Contrast enhanced postoperative CT scan after second admission to hospital revealing the transection line (clips) (light arrow in a, b, and d) and part of the aberrant pancreatic tissue (bold arrow in a and b) behind the portal vein (open arrow in a). Cauda and corpus of the pancreas (arrowhead in a and b) are inconspicuous. Note a liquid collection (asterisk in c and d) with connection to the stapler line (light arrow in d) indicating a pancreatic fistula starting from the aberrant pancreatic tissue

Discussion

We report the second case ever published of a complete encasement of the portal vein by pancreatic parenchyma in humans.

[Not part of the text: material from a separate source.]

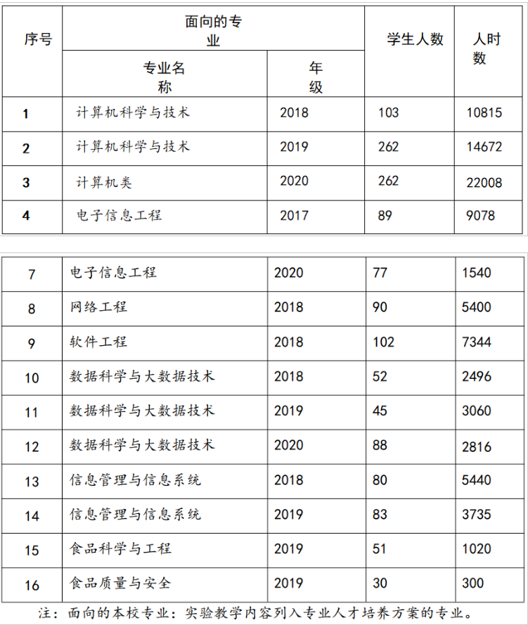信息技术实验示范中心依托计算机科学与技术、软件工程、网络工程、电子信息工程、数据科学与大数据技术及人工智能等6个工科本科专业和计算机科学与技术一级硕士学位研究生专业建设,2020年在校生本科生1634人,研究生30人,为全体员工提供所有课程的课内外实验、专业实训、毕业设计及创新创业训练等环境,同时示范中心还为全校计算机相关专业课程的实践教学提供保障。

The pancreas develops from the ventral (uncinate process and part of the pancreatic head) and foregut endoderm. During the process of the embryogenesis, both pancreatic primordia rotate and join behind the duodenum. A complete fusion of the uncinate process with the dorsal primordium has been described once by Hamanaka et al. [1, 2, 5]. This very rare anomaly has lead us to modify the operative procedure—a second transection of the accessory pancreatic parenchyma was necessary and thus a potentially dangerous complication resulted. Considering the CT scans, we assume that the origin of the pancreatic fistula was a small leakage in the stapler line of the transected aberrant pancreatic tissue. Because the stapler line appeared to be sufficient, we did not consider a complete transection of the pancreatic body on the left side of the portal vein and anastomosis to the jejunal loop. Retrospectively, this could have lowered the risk of a pancreatic leakage. Pancreatic leakage constitutes a clinically relevant complication especially in tumor patients despite of an improved suture technique of the pancreatojejunostomy [6, 7]. In designated centers, there is a prevalence of 10% with a mortality rate up to 12%—in most cases a treatment with a drainage is possible [810]. This case report shows that in pancreatic surgery, it is important to recognize even rare anomalies and to modify the operative procedure to minimize postoperative morbidity.